Dabei sei geplant, über Online- und Gelegenheitsspiele wie Farmville von Zynga oder Tetris und Solitär hinaus auch ausgereifte Action-Spiele etwa von Electronic Arts anzubieten. Für die Technologie zur schnellen Übertragung ohne Zeitverzögerung seien die Provider in Gesprächen mit Start-ups wie die Streaming-Dienstleister Playcast Media Systems, CiiNOW und Agawi, hieß es.

Umsatz-Einbruch durch Smartphones und Tablets

Diese Unternehmen hätten entsprechende Gespräche mit amerikanischen Providern bestätigt, allerdings keine Namen genannt. Eine Sprecherin von AT&T erklärte Bloomberg zufolge, das Unternehmen suche nach einzigartigen Wegen, um TV- und Breitbandkunden Cloud-Gaming-Services anzubieten.

Für die großen Konsolen-Hersteller könnten damit schwere Zeiten anbrechen. Dem Marktforschungsunternehmen NPD zufolge war der Spielekonsolenmarkt 2011 allein in den USA rund 24,1 Milliarden Dollar schwer.

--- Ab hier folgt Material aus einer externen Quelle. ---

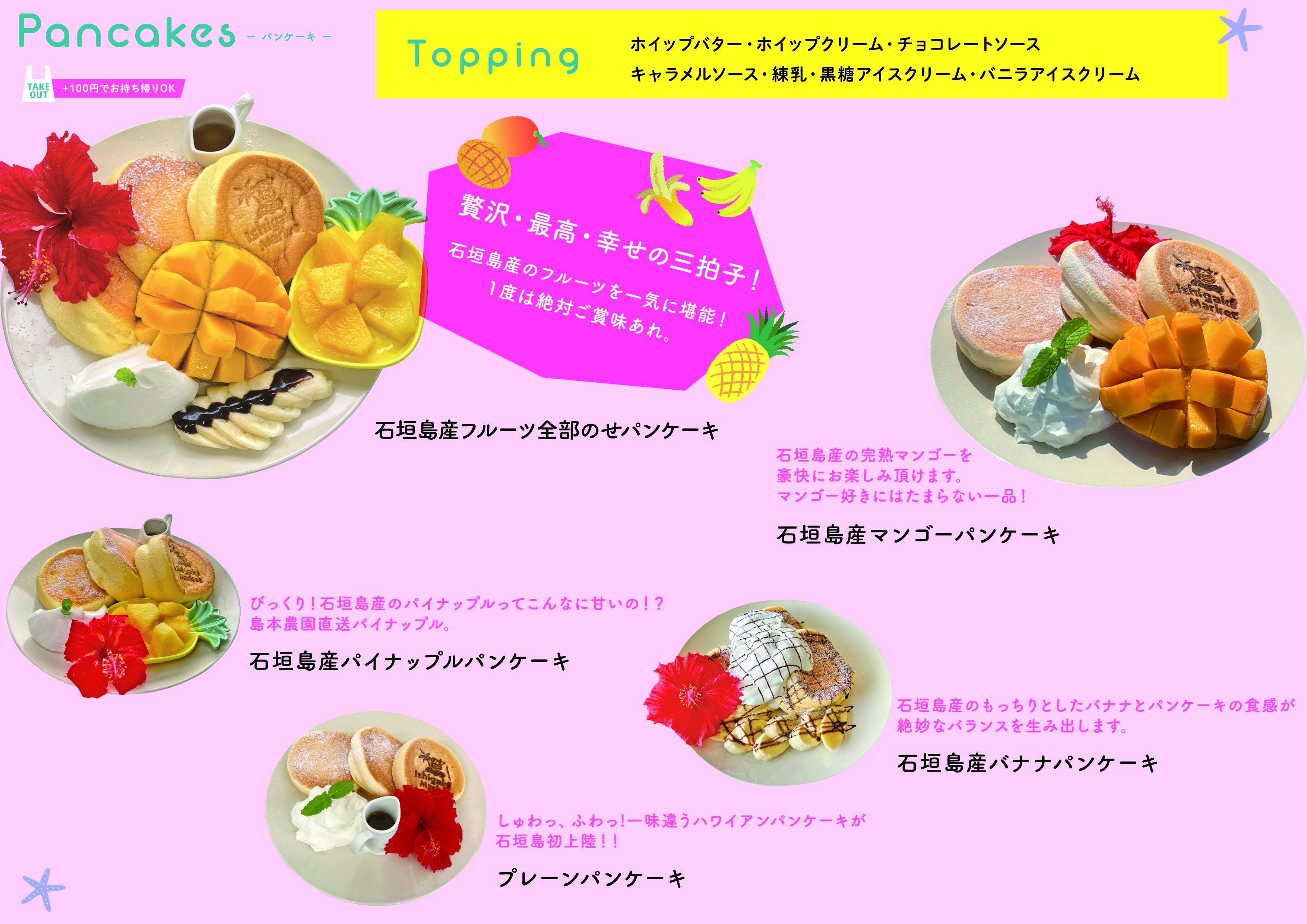 当店看板メニューの「ふわしゅわパンケーキ」が朝食メニューでもお楽しみいただけます。石垣島産フルーツとの相性も抜群の一品です。他では味わえない新食感の「ふわしゅわパンケーキ」と「甘くてみずみずしい石垣島のフルーツ」を是非ご賞味ください。

Auch Microsoft gibt sich "verspielt"

Die Branche hat bereits deutliche Einbrüche erlebt, als Gelegenheitsspiele auf Smartphones und Tablets zur Konkurrenz heranwuchsen. Auch Online-Games am PC sind durch die inzwischen gute Verbreitung von Breitband-Internet zu einer großen Herausforderung geworden.

Unterdessen schmiedet aber auch Microsoft Pläne für seine Online-Plattform Xbox Live - und will selbst verstärkt zum Anbieter von Filmen werden. Vergangene Woche warb der Softwarehersteller Nancy Tellem an, eine TV-Spezialistin, die zuvor Chefin der CBS Network Television Entertainment Group war.

Tellem soll für neue Produktionsstudios von Microsoft in Los Angeles verantwortlich zeichnen, wo künftig Filme sowie interaktive Programme produziert werden sollen.

Seit Jahren hat Microsoft Xbox Live zu einer zentralen Multimedia-Plattform mit Video-Angeboten und Spiele-Downloads ausgebaut. Inzwischen zählt sie über 40 Millionen angemeldete Nutzer. Unter anderem können Nutzer der Xbox 360 Filme und TV-Sendungen über Netflix, dem Sportkanal ESPN oder Comcast beziehen.